[MATERIAL PROVIDED Boundary: Start]
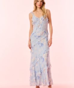 Our best-selling Radiance Dress returns as part of our Fragrance Capsule Collection, this time arriving in our beloved perfume prints. This dreamy maxi is designed with a printed chiffon fabric for the warm weather season. With an airy and breezy silhouette, the dress is stripped with delicate laces all over sourced from vintage textiles. The pieces begin with lace straps that fall to tiny flutter sleeves that fall to an easy skirt with tiny ruffle details all over.
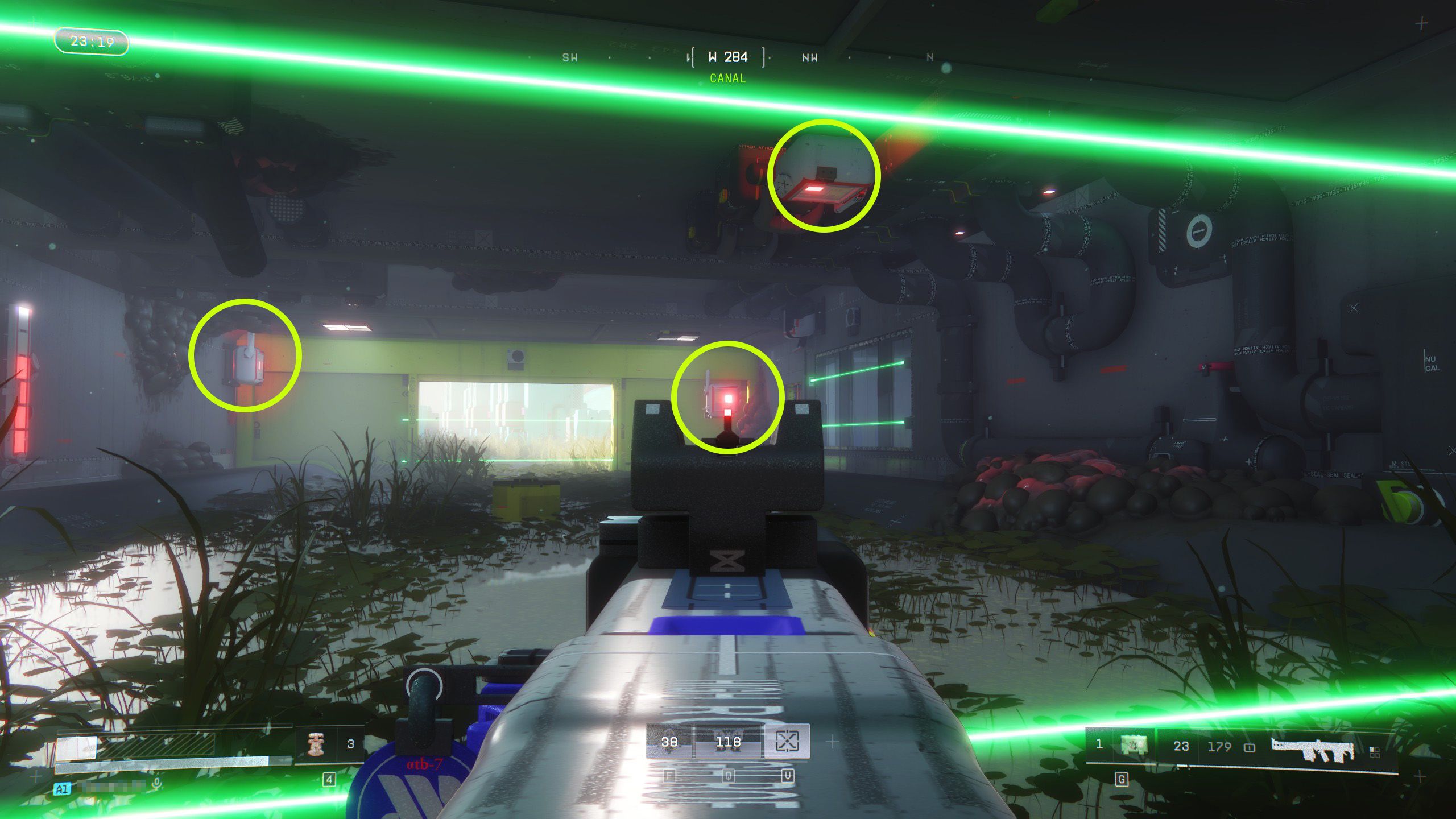 Go to Dire Marsh and find the Canal area, which is east of Maintenance and south of the Algae Ponds. You’ll see the Canal leading to a yellow tunnel guarded by green security lasers. Get close to the lasers, but stop before you walk into them.
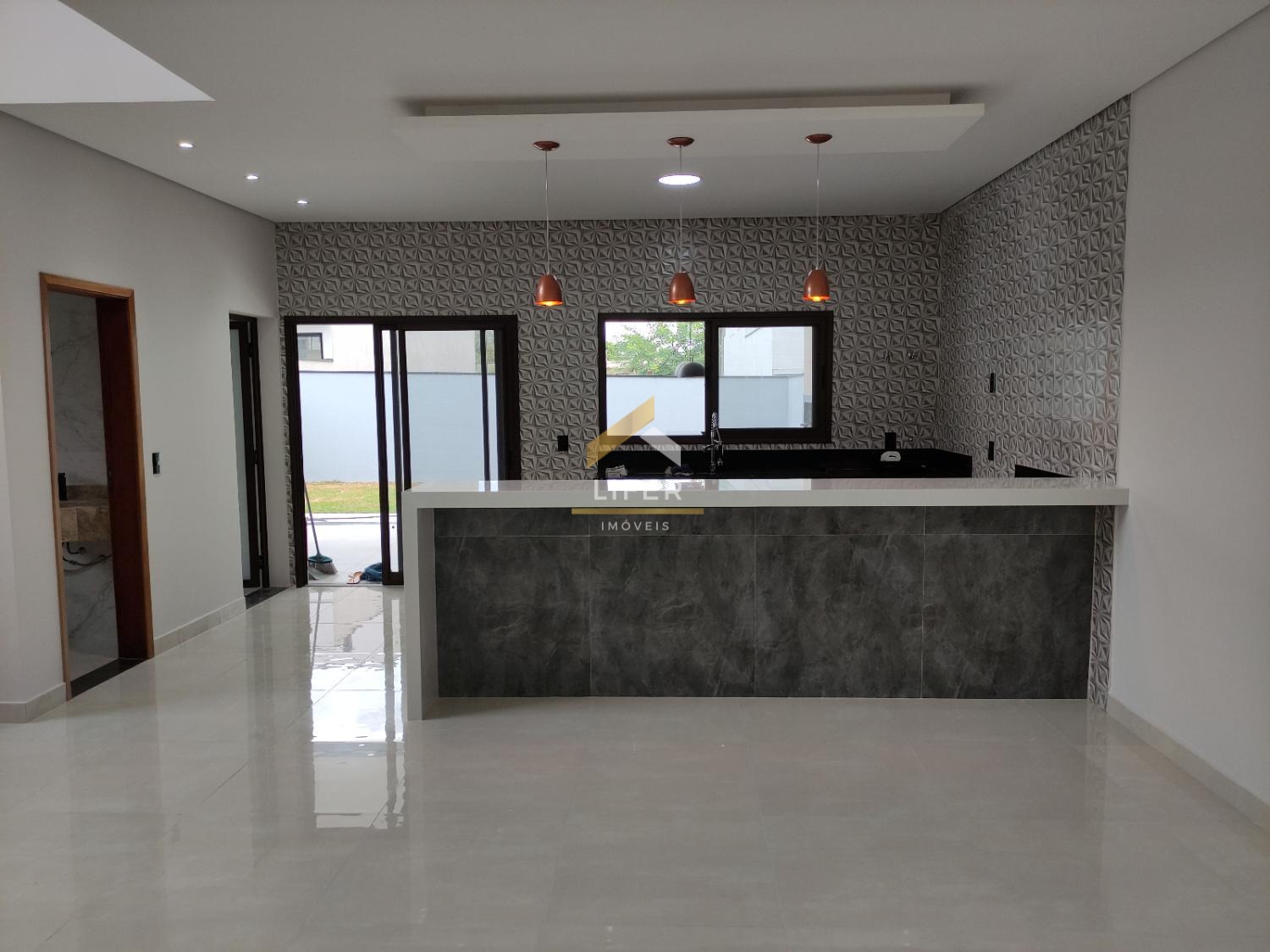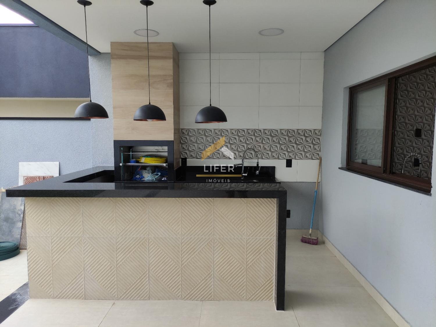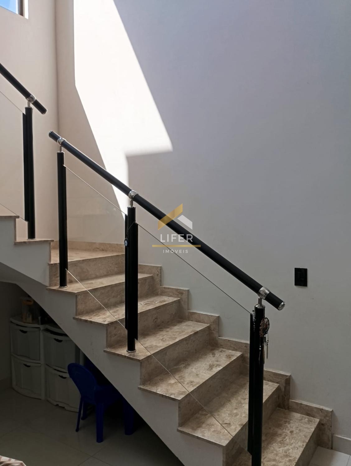A residência conta com sala de jantar integrada à cozinha americana, proporcionando um espaço amplo e agradável para o convívio diário. Dispõe ainda de área gourmet com churrasqueira, ideal para momentos de lazer, além de lavanderia independente. São três banheiros, todos com pias e nichos em mármore travertino, revestidos até o teto, evidenciando o cuidado com os detalhes.
[MATERIAL PROVIDED Boundary: End]
▸ TASK TO COMPLETE: Write out the lines from the start of the material to the line with "Go to Dire Marsh", inclusive and exactly. Skip the pictures.

▸ EXERCISE RESPONSE:
 Our best-selling Radiance Dress returns as part of our Fragrance Capsule Collection, this time arriving in our beloved perfume prints. This dreamy maxi is designed with a printed chiffon fabric for the warm weather season. With an airy and breezy silhouette, the dress is stripped with delicate laces all over sourced from vintage textiles. The pieces begin with lace straps that fall to tiny flutter sleeves that fall to an easy skirt with tiny ruffle details all over.
 Go to Dire Marsh and find the Canal area, which is east of Maintenance and south of the Algae Ponds. You’ll see the Canal leading to a yellow tunnel guarded by green security lasers. Get close to the lasers, but stop before you walk into them.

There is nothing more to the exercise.